Sometimes, however, I also remove layers: I erase, wash off with water or tear the textile into shreds.
The forms of landscape are developed through erosion, but the creation process of artworks also consists of cutting out and wearing away forms and shapes. The essential nuances of etching are the most pronounced when the metal plate is used for various intaglio techniques.

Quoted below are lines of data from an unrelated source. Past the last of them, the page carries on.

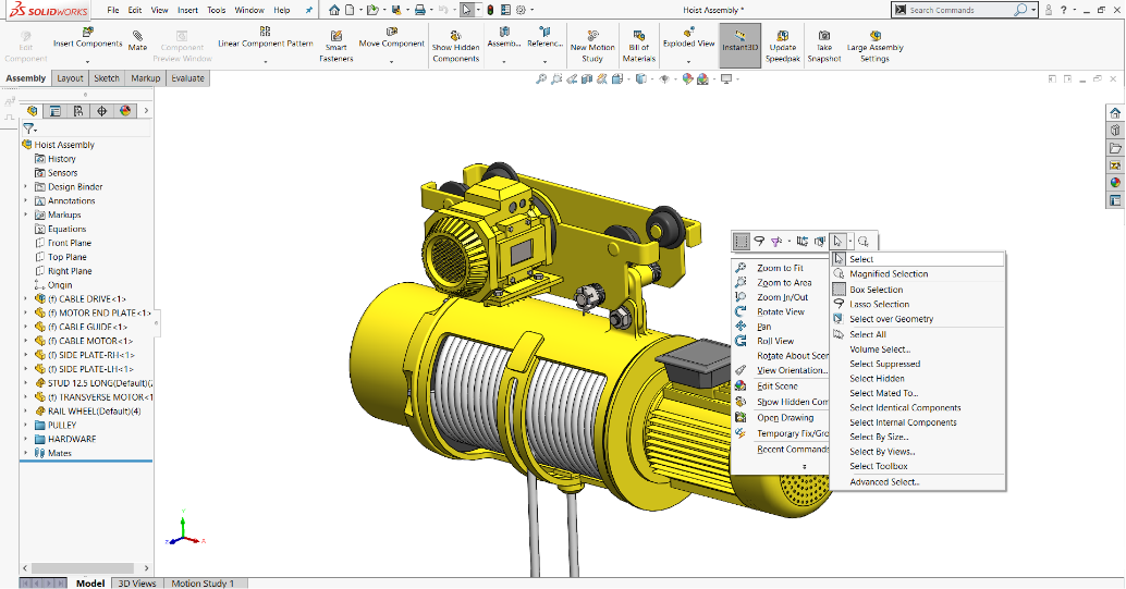 让我们看一下 SOLIDWORKS 中的选择工具,它提供了与组件选择进行交互的最简单方法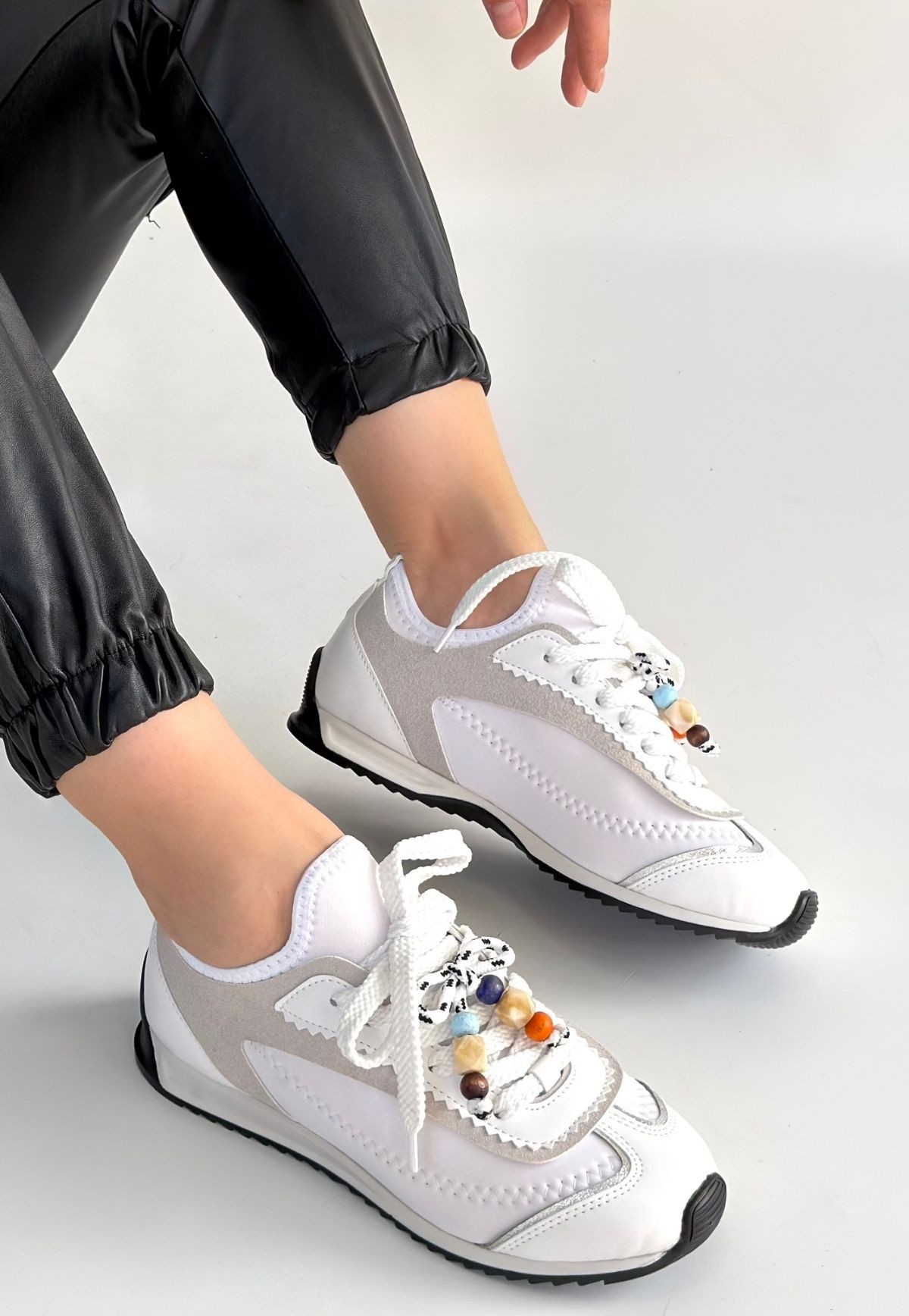 • Riaf Beyaz Cilt Bağcıklı Spor Ayakkabı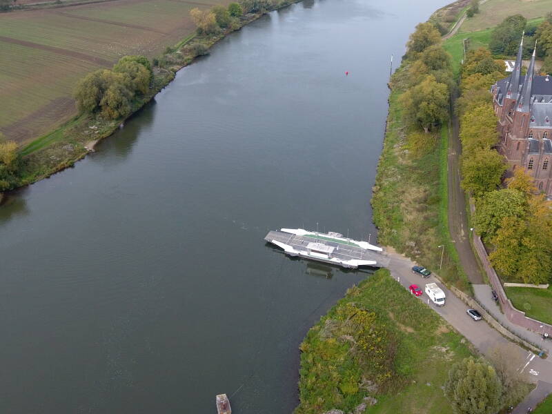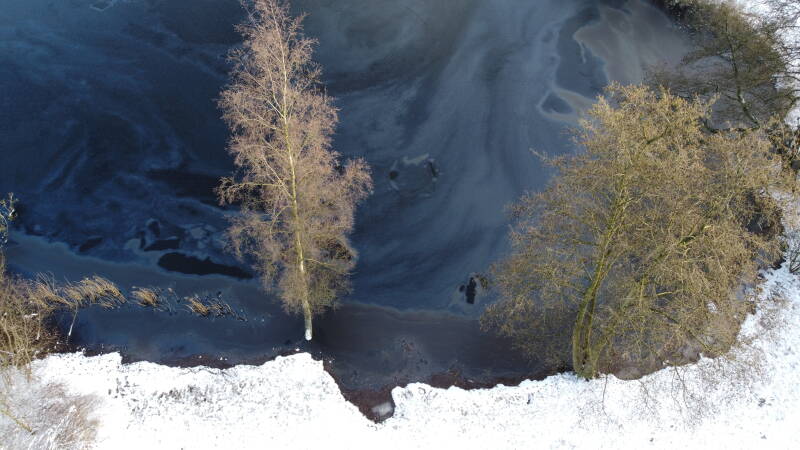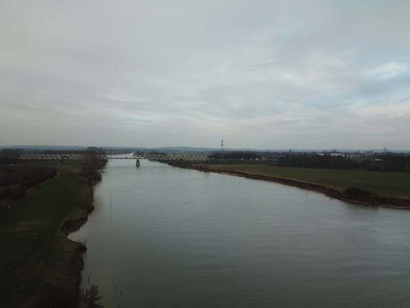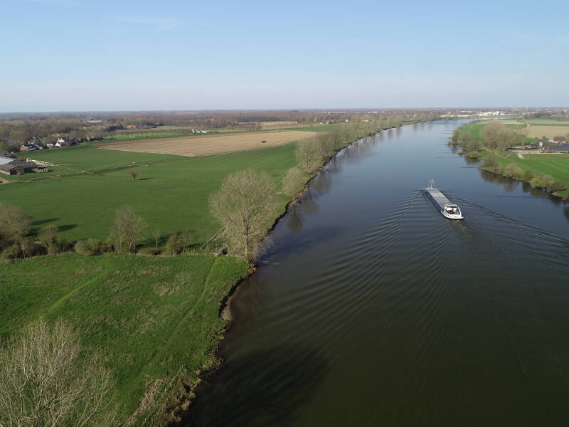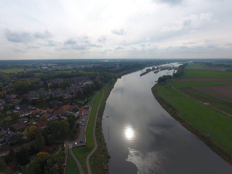 Boven: De DJI Phantom 4 Pro gezien door de camera van de DJI-Mavic. Locatie Maas bij Oeffelt (NB) en Gennep (LB)
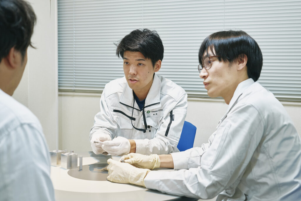 お客さまのニーズに応え、期待を超える新製品をつくるために、日々、製造や検査、分析、生産管理といったさまざまな部署とのミーティングを重ねています。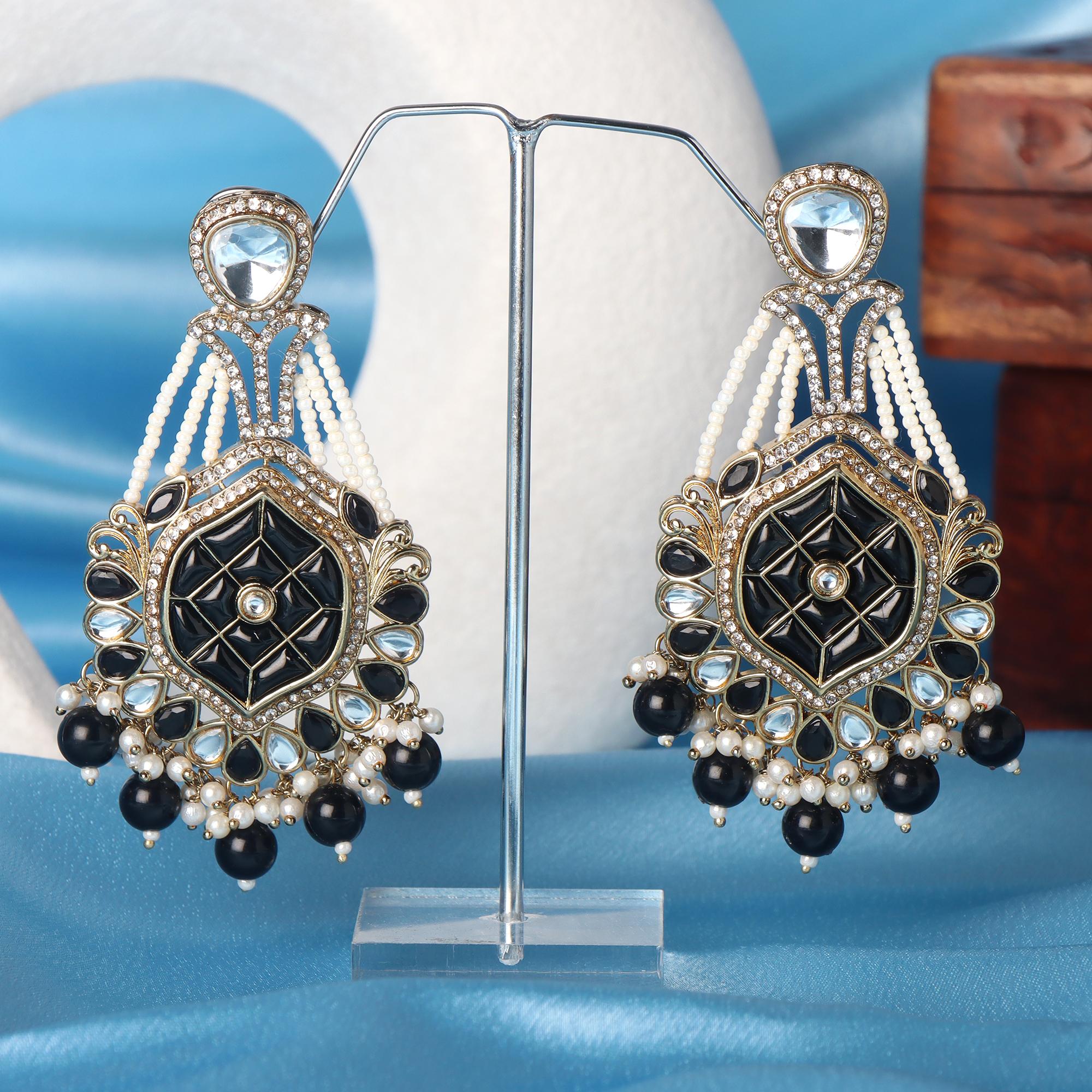 OrnaOra suggests pairing these gorgeous imitation black danglers with black, gold, or contrasting coloured ethnic wear for weddings or formal events. Make a statement.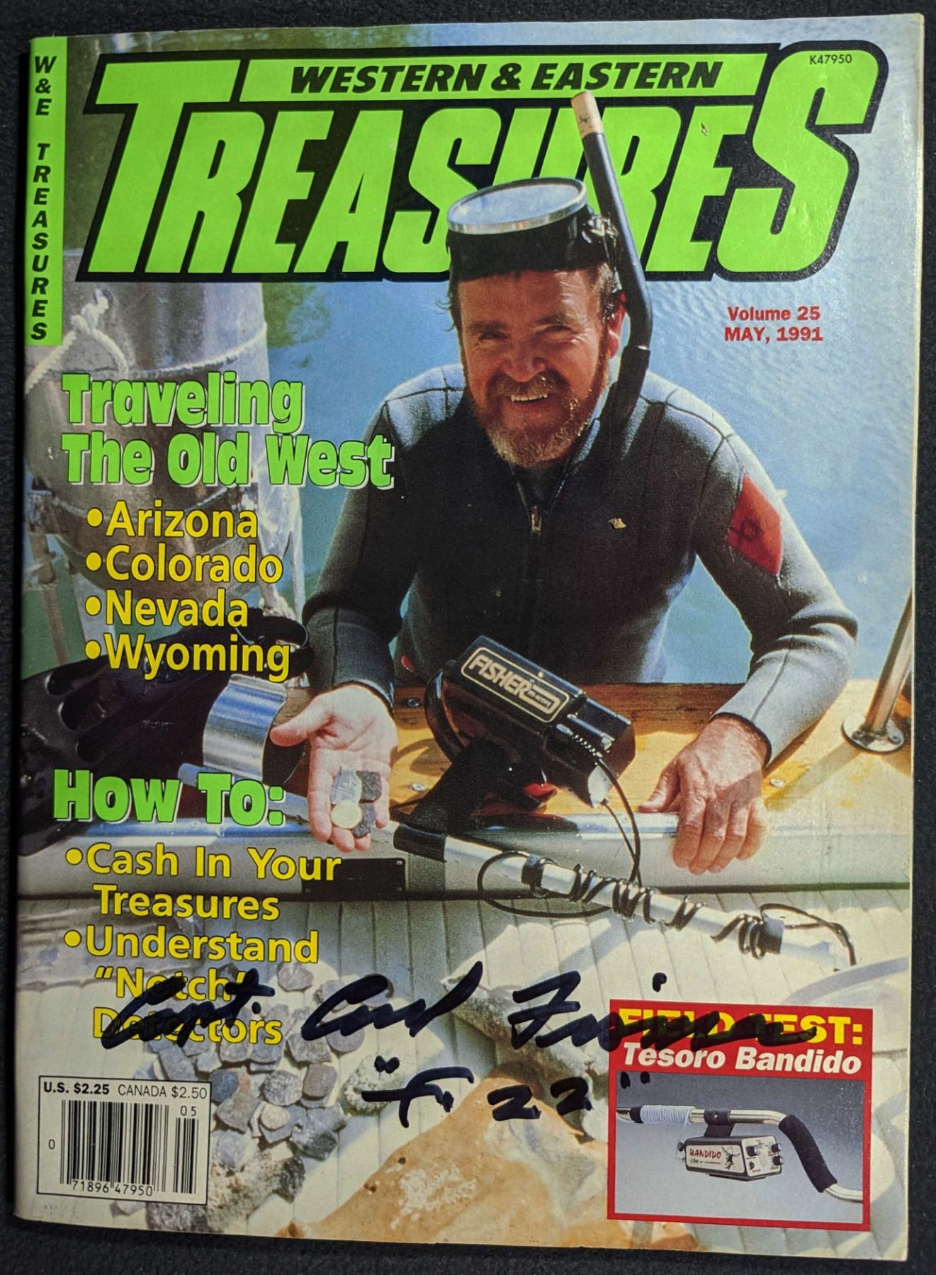 Western & Eastern Treasures, Arcata. ISSUE OF WESTERN & EASTERN TREASURES SIGNED BY CAPT. CARL 'FIZZ' FISMER. MAY 1991. Knecht, Robert Lewis. 1991. 4to. 76, (2) pages. Original pictorial paper wraps. May, 1991, Volume 25 No. 5. Signed on the cover by Capt. Carl 'Fizz' Fismer. Illustrated. Fine. Includes the article, 'The Treasure Experience' by Robert Lewis Knecht. pp 42-43. Lot weight: 0 lbs 5oz. Subject(s): Sunken Treasure.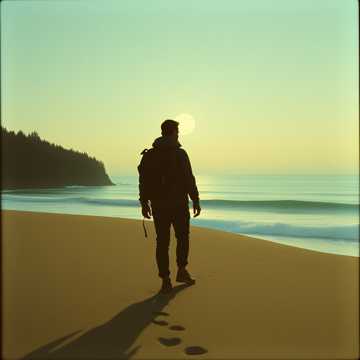 Dark folk ballad with steady, grounded pacing, Acoustic fingerstyle guitar, soft floor toms, low drones, and subtle ocean‑wind ambience, Warm baritone vocal, intimate and calm, with clear storytelling delivery, Mood is expansive, reflective, and quietly triumphant without force, Verses describe emerging from forest into shoreline dusk, moonrise, open sky, and the sea as a doorway home, Chorus opens wide: the old road speaking, the traveler carrying voices and miles, finding peace inside, Bridge is gentle and cleansing, tides moving in and out, Outro is mythic and serene: footprints fading, landscapes gathered in memory, the world whole and aligned, No harsh percussion, no bright pop elements, no electronic leads, Keep everything spacious, organic, and horizon‑wide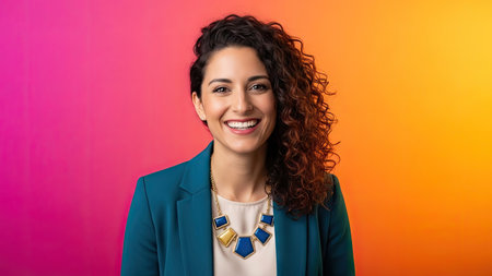 A woman with curly hair smiles brightly, her expression radiating positivity. She wears a blue jacket and a necklace, set against a colorful gradient background. The image has a studio portrait style with bright lighting, suitable for various editorial and commercial applications. The composition emphasizes the subject's face.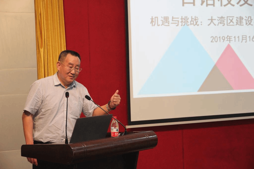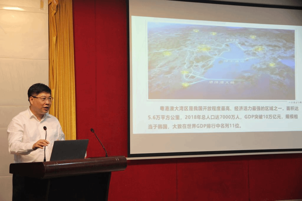 现任东莞市以纯集团有限公司副董事长的86级校友蓝岸先生分析了粤港澳大湾区的发展状况及发展前景,指出大湾区的发展意味着社会对高层次应用型人才的需求更大、要求更高。他介绍了他所在的东莞市以纯集团有限公司“以纯”品牌的创始人即董事长郭东林先生的创业经历,以郭先生“一生只做一件事”专注于服装事业为例,向大家阐述了专注之于发展的重要意义——“人人都可以成为人才,关键在于坚持不懈的努力”。在报告中,蓝岸先生也表达了对我院培养外向型人才的期待,鼓舞同学们不断努力。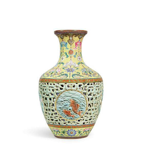 香港苏富比宣布,乾隆洋彩黄地粉青透龙夹层吉庆有余玲珑尊将为 2018 年中国艺术品秋拍揭开序幕。此玲珑尊曾著录于 1905 年纽约山中商会图录,自 1924 年纳入日本私人收藏近 一世纪。颈上黄地锦上添花,溢洛可可洋风,四面浮雕开光,各缀双鱼栩栩如生,从外瓶镂空夔龙纹,可窥 内瓶青花缠枝花卉,妙然生趣。此品制作殊艰,为御窑督陶官唐英所制最巧夺天工瓷器之一,与 2010 年以 4,300 万英镑落槌的著名乾隆洋彩玲珑尊成对,诚乾隆重器。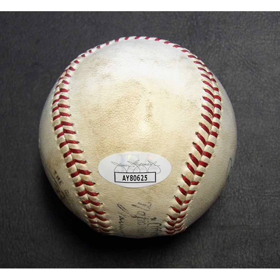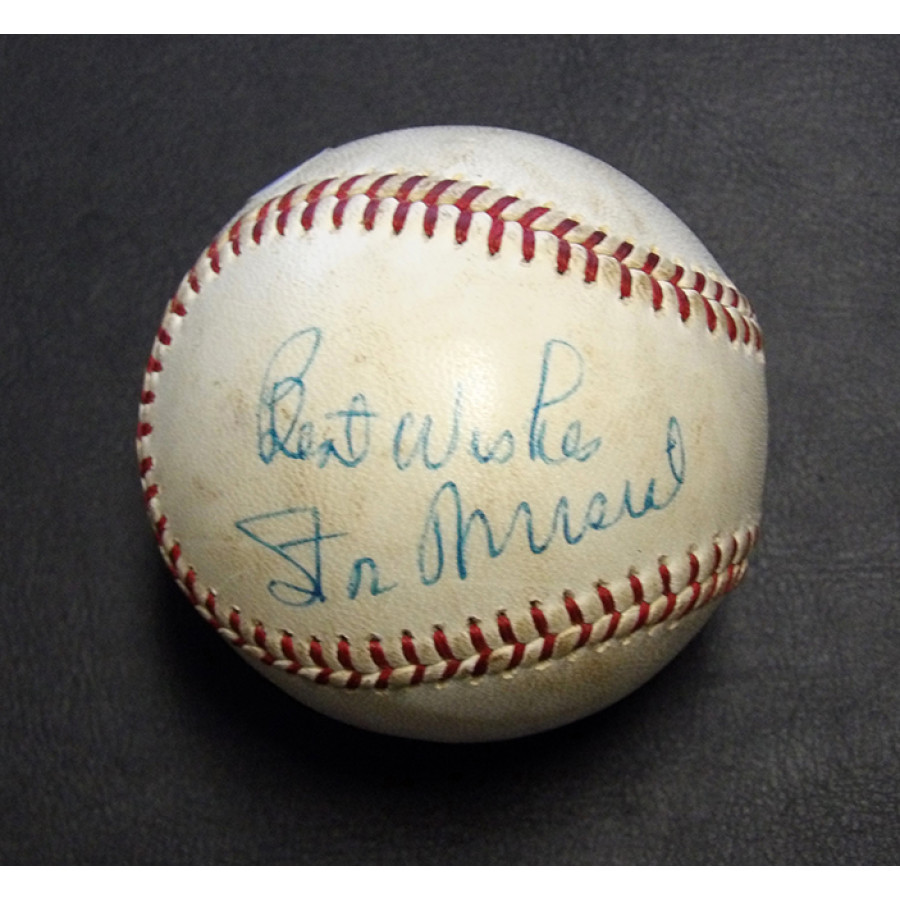 Signed Stan Musial Spalding Official National League Baseball in blue pen on the side panel. The ball does have some spotting/toning to it. This item has been certified by James Spence Authentication (JSA) with sticker affixed to item and matching card.

The acid corrodes copper and the surfaces and lines drawn on the plate disappear to be replaced by cavities instead of surface layers.
When I am doing silkscreen printing, I wash off the stencil exposed on the mesh using ultra-violet light: the uncovered areas in the polyester mesh become a clearly delineated shape which lets the paint pass through.
Just like paleontologists can read the cavities inside the rocks left behind by once living bodies and the traces of their lives, we read the cavities, holes, erasures and torn out parts of artworks as elements of a complete image. The spaces between the letters form a silence which talks to us in the same manner as words and sentences do.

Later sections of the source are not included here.